After four consecutive quarters of surprising the market with stellar results, Netflix (Nasdaq: NFLX) delivered rather weak results recently. The market was disappointed with its lack luster growth, sending the stock tumbling 13% in the after-hours trading session.
Netflix’s Q2 revenues grew 40% over the year to $3.9 billion, marginally short of the Street’s forecast of $3.94 billion for the quarter. EPS of $0.88 was better than the market’s projections of $0.79 for the quarter.
During the quarter, Netflix added 670,000 domestic subscribers and 4.47 million international subscribers. The market was looking for an addition of 1.2 million domestic subscribers and 5.04 million international subscribers.
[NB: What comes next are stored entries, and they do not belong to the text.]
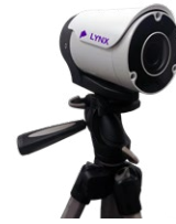
IdentiLynx Full-Frame Video Camera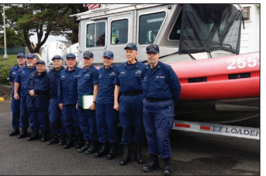
Station Siuslaw River Coast Guard Auxiliary members

member, volunteers can bring and often use past skills and talents, as well as learn new skills in areas like vessel inspections, safety checks, teaching boating safety courses and participating in boat crew operations.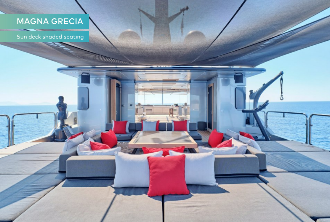
Sun deck shaded seating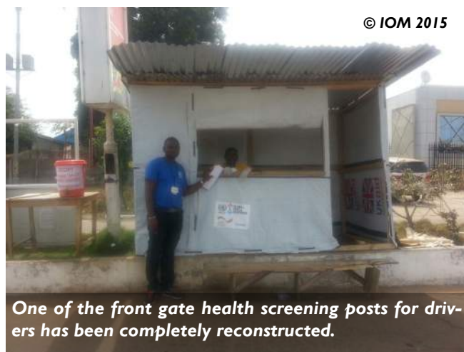
One of the front gate health screening posts for drivers has been completely reconstructed.

Netflix did not even manage to meet its own forecast of 1.2 million domestic and 5 million international subscribers.
For the current quarter, Netflix expects revenues of $3.99 billion, short of the market’s forecast of $4.13 billion for the quarter. It expects to add 650,000 domestic subscribers compared with the Street’s expectations of 953,000 subscribers. International subscriber forecast addition of 4.35 million was also short of the market’s projected addition of 5.095 million for the quarter. Netflix expects to end the quarter with $0.68 EPS compared with the Street’s forecast of $0.71 per share.
Netflix’s Growth Concerns
For Netflix, it has always been about subscriber growth. And its recent quarterly results failed to deliver on those numbers. The company mentioned that it was hurt by unfavorable currency movements during the quarter and did not give a reasonable expectation for the miss on subscribers. It claims that it had seen a similar shortfall in the subscriber growth two years ago, and believes that the recent shortfall could be seasonal as well. But if its forecast for the current quarter is to be believed, then the flat sequential growth could suggest something bigger than seasonality.
The market is speculating if the miss on subscribers is driven by its earlier decision to hike monthly subscription costs. Netflix needs the price hike to pay for its ballooning content costs. Over the last 12 months, it has spent $10.1 billion on content development and acquisition. That number is four and a half times the amount that HBO spent last year on the development of content for its network. The numbers don’t get better in the current year. Netflix plans to spend $8 billion in fiscal 2018 on programming and an additional $2 billion on marketing.
The spend is needed to combat rising competition. Companies like Amazon and Apple are also putting in money into content creation. Amazon is working on adding more regional content in India as it expands its Prime video service around the world. Apple is investing in original programming by signing up big names like Oprah Winfrey. Among regional players, Netflix sees rising competition from ProSiebenSat 1 Media in Germany and on-demand service Salto in France. The only way it can manage to surpass this competition is by offering a library that is more attractive than its competitors’. It needs to figure out ways to attract more subscribers to help pay for the content.
Its stock is trading at $343.89 with a market capitalization of $174.1 billion. It had touched a life high of $423.21 earlier last month. It has been climbing from the 52-week low of $160.02 that it was trading at in August last year.